Quentin had afterwards occasion to learn that the Bohemian spoke truth in this particular, and that the Provost guard, employed to suppress the vagabond bands by which the kingdom was infested, entertained correspondence among them, and forbore, for a certain time, the exercise of their duty, which always at last ended in conducting their allies to the gallows. This is a sort of political relation between thief and officer, for the profitable exercise of their mutual professions, which has subsisted in all countries, and is by no means unknown to our own.
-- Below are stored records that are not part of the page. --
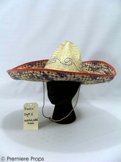 Frankie's (Justin Timberlake) screenworn large straw sombrero. A huge sombrero hat screenworn by Frankie (JUSTIN TIMBERLAKE) in “Alpha Dog!” The hat features a string chinstrap, decorative blue stitching on the dome, purple straw weaved into the brim, and red vinyl piping around the brim. The hat has no size indicated. This genuine movie prop is a unique and distinctive find for true collectors!!
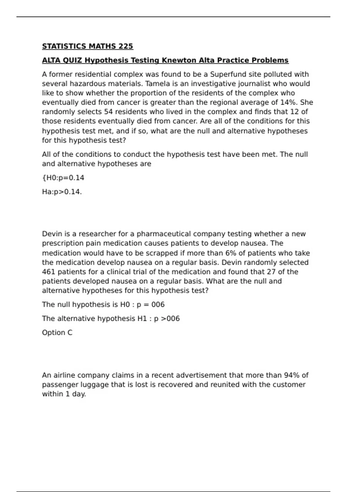 STATISTICS MATHS 225 ALTA QUIZ Hypothesis Testing Knewton Alta Practice Problems A former residential complex was found to be a Superfund site polluted with several hazardous materials. Tamela is an investigative journalist who would like to show whether the proportion of the residents of the complex who eventually died from cancer is greater than the regional average of 14%. She randomly selects 54 residents who lived in the complex and finds that 12 of those residents eventually died from cancer. Are all of the conditions for this hypothesis test met, and if so, what are the null and alternative hypotheses for this hypothesis test? All of the conditions to conduct the hypothesis test have been met. The null and alternative hypotheses are {H0:p=0.14 Ha:p>0.14. Devin is a researcher for a pharmaceutical company testing whether a new prescription pain medication causes patients to develop nausea. The medication would have to be scrapped if more than 6% of patients who take the medication develop nausea on a regular basis. Devin randomly selected 461 patients for a clinical trial of the medication and found that 27 of the patients developed nausea on a regular basis. What are the null and alternative hypotheses for this hypothesis test? The null hypothesis is H0 : p = 006 The alternative hypothesis H1 : p >006 Option C An airline company claims in a recent advertisement that more than 94% of passenger luggage that is lost is recovered and reunited with the customer within 1 day. Hunter is a graduate student studying statistics. For a research project, Hunter wants to find out whether there is convincing evidence in support of the airline company’s claim. He randomly selects 315 passengers of the airline whose luggage was lost by the airline and found that 276 of those passengers were reunited with their luggage within 1 day. Are all of the conditions for this hypothesis test met, and if so, what are the null and alternative hypotheses for this hypothesis test? All of the conditions to conduct the hypothesis test have been met. The null and alternative hypotheses are {H0:p=0.94Ha:p>0.94. Kylie works for a large nursery and is investigating whether to use a new brand of seeds. The new brand of seeds advertises that 93% of the seeds germinate, which is higher than the germination rate of the seeds she is currently using. She will change over to this new brand unless the actual germination rate is less than what is a
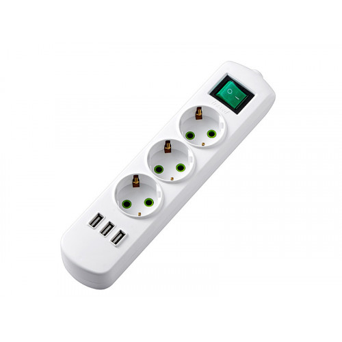 Колодка электрическая на 3 розетки с кнопкой и USB Lezard LETITIA
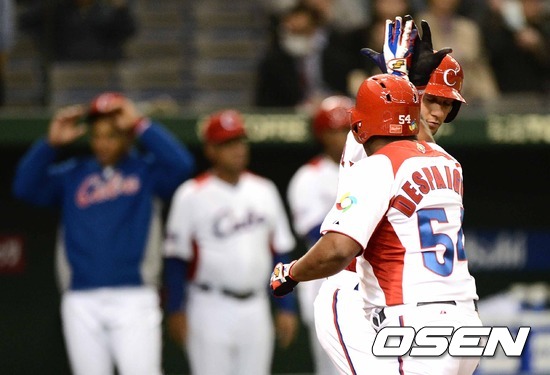 8일 오후 일본 도쿄돔에서 2013 월드베이스볼클래식(WBC) 2라운드 1조 네덜란드와 쿠바의 경기, 2회말 무사 쿠바 데스파이녜가 솔로홈런을 치고 홈에서 동료의 축하를 받고 있다.
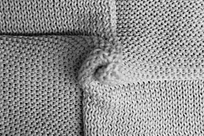 A close-up of a self-folding knitted fabric, demonstrating how specific stitch patterns—knits and purls—encode geometric rules that dictate the material’s three-dimensional shape. Researchers from Penn and Drexel have developed a mathematical model that predicts these folding behaviors, opening new possibilities for programmable textiles in fields ranging from soft robotics to deployable structures.
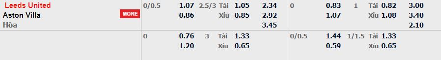 Có thể thấy phong độ trên sân nhà của Leeds trong thời gian gần đây là khá tốt không chỉ là thi đấu mà ở thể thức này cũng là rất tốt, điều này rõ ràng là có cơ sở hơn khá nhiều so với một Aston Villa không quá được tin tưởng mỗi khi rời xa Villa Park, vì vậy cửa Leeds ở lần này vẫn khả quan hơn khá nhiều. Về kèo tổng bàn thắng, 2 đội trong 5 trận đấu gần đây đều ghi nhận kết quả xỉu nhiều hơn bất chấp có rất nhiều yếu tố để có thể nổ tài lần này, đối với các chuyên gia thì những trận đấu cân bằng kiểu như này sẽ khả năng cao diễn ra bàn thắng ở mức vừa phải mà thôi.
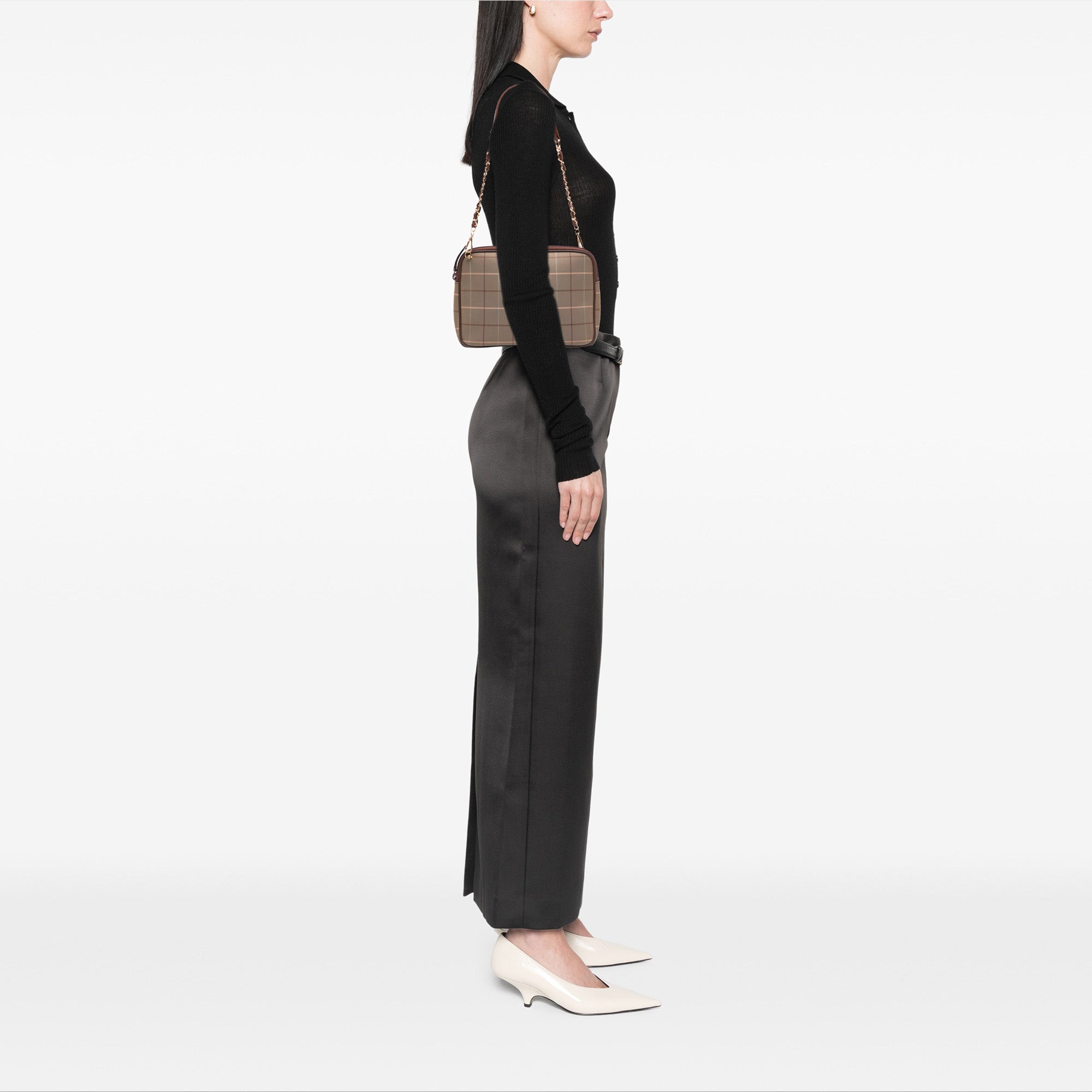 This crossbody bag features a canvas body with leather trim, a detachable chain link strap with leather shoulder guard, and a top zip closure. Retail Price: 875.00

Durward, parting from the guide, fell back to the rest of the retinue, very little satisfied with the character of Hayraddin, and entertaining little confidence in the professions of gratitude which he had personally made to him. He proceeded to sound the other two men who had been assigned him for attendants, and he was concerned to find them stupid and as unfit to assist him with counsel, as in the rencounter they had shown themselves reluctant to use their weapons.

"It is all the better," said Quentin to himself, his spirit rising with the apprehended difficulties of his situation, "that lovely young lady shall owe all to me. What one hand -- ay, and one head can do -- methinks I can boldly count upon. I have seen my father's house on fire, and he and my brothers lying dead amongst the flames -- I gave not an inch back, but fought it out to the last. Now I am two years older, and have the best and fairest cause to bear me well that ever kindled mettle within a brave man's bosom."
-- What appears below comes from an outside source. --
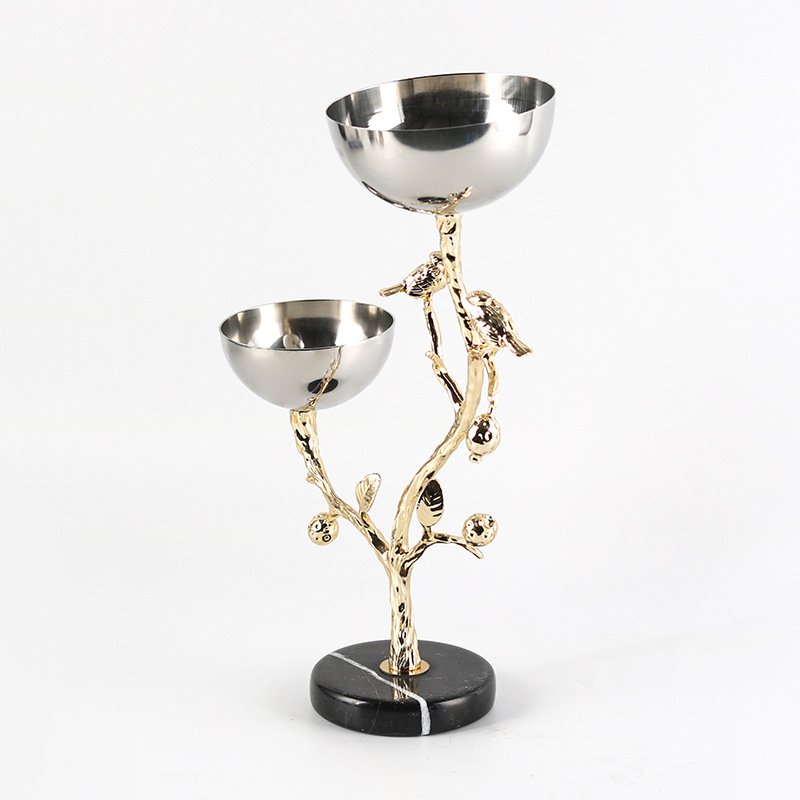 Designer Artistic Branch Bird Double-Tiered Metal Snack Bowl Fruit Dish
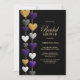 Convide seus amigos e familiares para celebrar seu próximo casamento com este convite de chá de noiva em roxo e dourado com corações. Sofisticado e refinado, este convite define o tom perfeito para uma alegre celebração pré-casamento cercada pelas pessoas que você ama. Você pode adicionar facilmente todos os detalhes necessários ao texto personalizável. Escolha entre vários tipos de papel e estilos de canto para tornar seus convites únicos. Além disso, você tem a opção de baixar o convite se preferir um formato digital.

Acting upon this resolution, the attention and activity which Quentin bestowed during the journey had in it something that gave him the appearance of ubiquity. His principal and most favourite post was of course by the side of the ladies, who, sensible of his extreme attention to their safety, began to converse with him in almost the tone of familiar friendship, and appeared to take great pleasure in the naivete, yet shrewdness, of his conversation. Yet Quentin did not suffer the fascination of this intercourse to interfere with the vigilant discharge of his duty.

If he was often by the side of the Countesses, labouring to describe to the natives of a level country the Grampian mountains, and, above all, the beauties of Glen Houlakin, he was as often riding with Hayraddin in the front of the cavalcade, questioning him about the road and the resting places, and recording his answers in his mind, to ascertain whether upon cross examination he could discover anything like meditated treachery. As often again he was in the rear, endeavouring to secure the attachment of the two horsemen by kind words, gifts, and promises of additional recompense, when their task should be accomplished.
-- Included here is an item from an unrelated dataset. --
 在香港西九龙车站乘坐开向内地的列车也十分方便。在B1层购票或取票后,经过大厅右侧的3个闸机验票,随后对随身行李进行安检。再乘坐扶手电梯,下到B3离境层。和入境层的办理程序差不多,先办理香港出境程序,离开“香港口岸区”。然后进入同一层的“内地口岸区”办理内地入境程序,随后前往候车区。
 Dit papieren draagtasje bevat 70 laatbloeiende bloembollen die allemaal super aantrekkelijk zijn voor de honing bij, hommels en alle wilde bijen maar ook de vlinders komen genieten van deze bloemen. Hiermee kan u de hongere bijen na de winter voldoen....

In this way they travelled for more than a week, through bypaths and unfrequented districts, and by circuitous routes, in order to avoid large towns. Nothing remarkable occurred, though they now and then met strolling gangs of Bohemians, who respected them, as under the conduct of one of their tribe -- straggling soldiers, or perhaps banditti, Who deemed their party too strong to be attacked -- or parties of the Marechaussee (mounted police), as they would now be termed, whom Louis, who searched the wounds of the land with steel and cautery, employed to suppress the disorderly bands which infested the interior. These last suffered them to pursue, their way unmolested by virtue of a password with which Quentin had been furnished for that purpose by the King himself.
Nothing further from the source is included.